ENTRIES SUPPLIED -
----------------------------------------

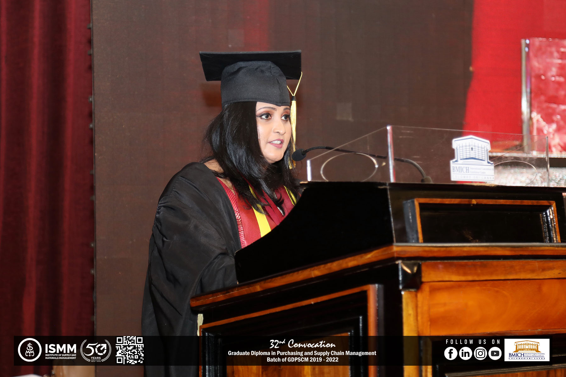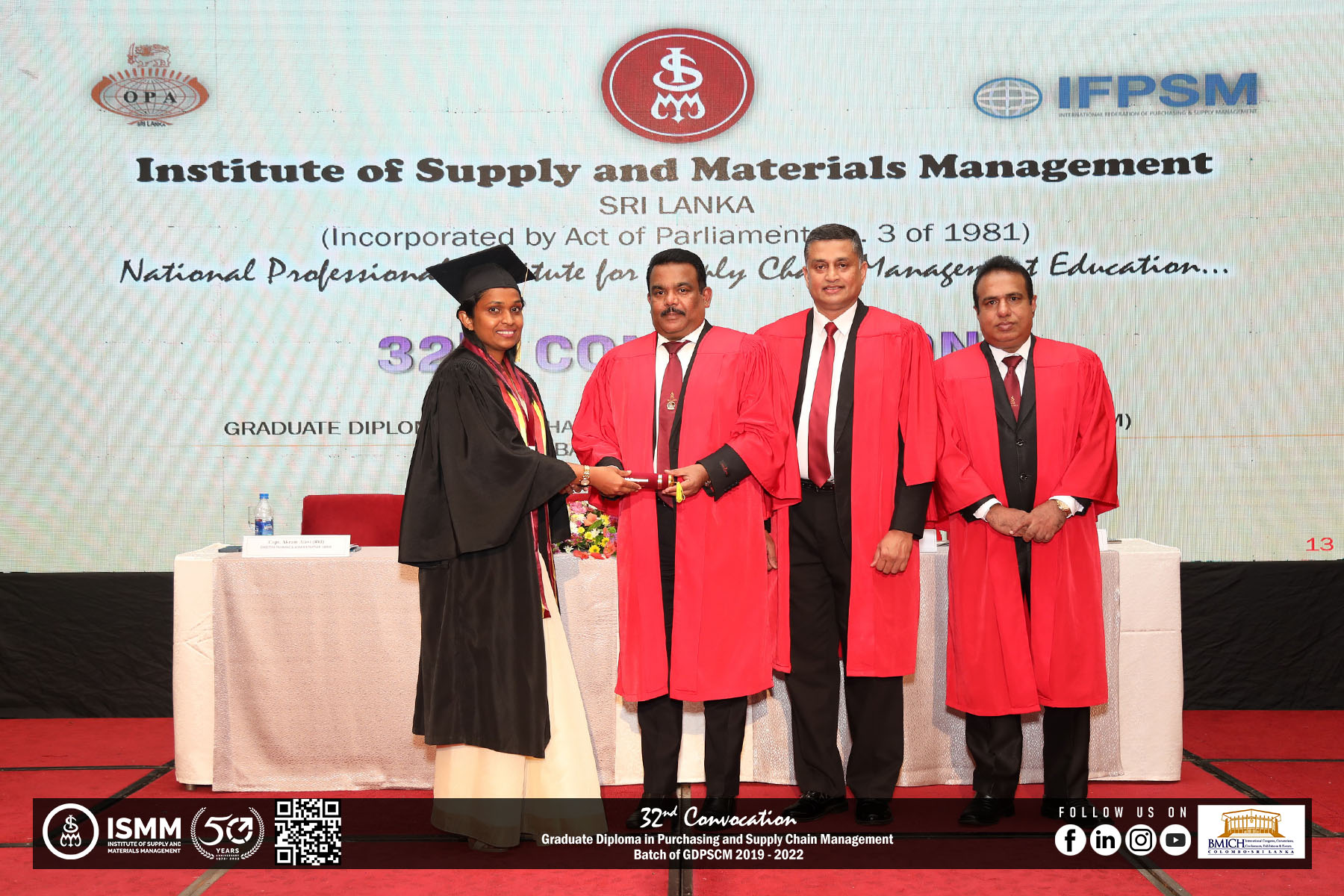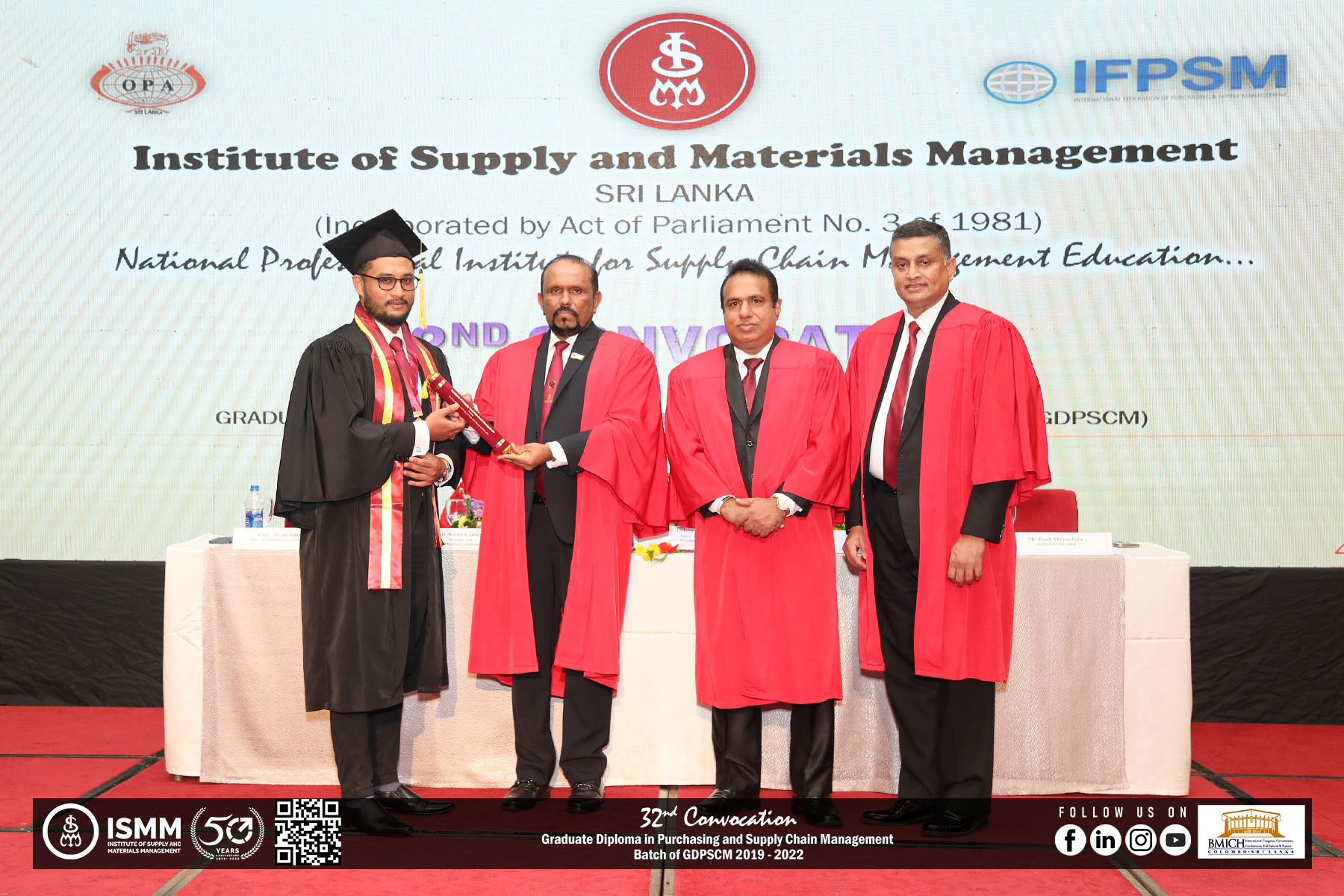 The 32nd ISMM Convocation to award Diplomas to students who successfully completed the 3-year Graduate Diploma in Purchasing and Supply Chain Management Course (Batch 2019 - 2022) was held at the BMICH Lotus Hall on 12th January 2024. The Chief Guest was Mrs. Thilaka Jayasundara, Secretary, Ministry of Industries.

----------------------------------------

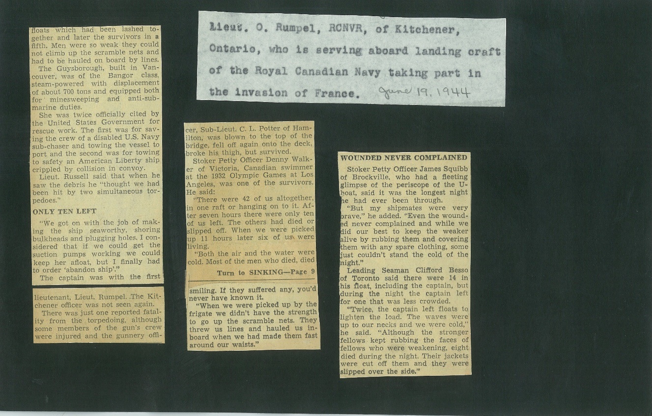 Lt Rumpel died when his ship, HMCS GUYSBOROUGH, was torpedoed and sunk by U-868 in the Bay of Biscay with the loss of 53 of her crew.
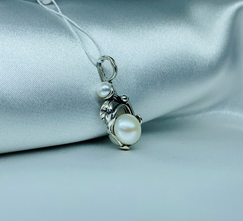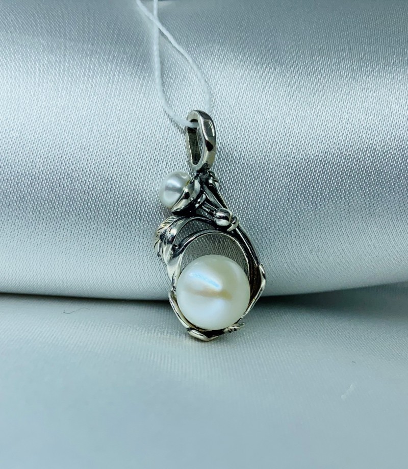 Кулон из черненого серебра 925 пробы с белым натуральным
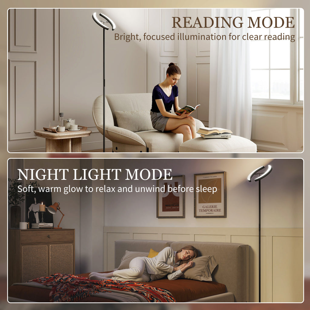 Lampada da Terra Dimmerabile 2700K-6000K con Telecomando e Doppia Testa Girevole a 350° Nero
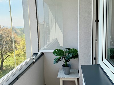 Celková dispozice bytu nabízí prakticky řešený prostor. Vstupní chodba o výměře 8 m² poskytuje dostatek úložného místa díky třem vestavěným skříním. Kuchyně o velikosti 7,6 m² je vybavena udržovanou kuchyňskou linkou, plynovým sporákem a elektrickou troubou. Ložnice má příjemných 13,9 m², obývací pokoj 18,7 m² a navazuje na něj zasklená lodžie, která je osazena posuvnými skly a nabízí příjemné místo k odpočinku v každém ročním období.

----------------------------------------

INSTRUCTIONS TO FOLLOW - Working from the records above, set down word for word everything from the line containing "Кулон из черненого" down to the line containing "Celková dispozice bytu", ends included, minus the pictures.

RESULT OF THE EXERCISE -
 Кулон из черненого серебра 925 пробы с белым натуральным
 Lampada da Terra Dimmerabile 2700K-6000K con Telecomando e Doppia Testa Girevole a 350° Nero
 Celková dispozice bytu nabízí prakticky řešený prostor. Vstupní chodba o výměře 8 m² poskytuje dostatek úložného místa díky třem vestavěným skříním. Kuchyně o velikosti 7,6 m² je vybavena udržovanou kuchyňskou linkou, plynovým sporákem a elektrickou troubou. Ložnice má příjemných 13,9 m², obývací pokoj 18,7 m² a navazuje na něj zasklená lodžie, která je osazena posuvnými skly a nabízí příjemné místo k odpočinku v každém ročním období.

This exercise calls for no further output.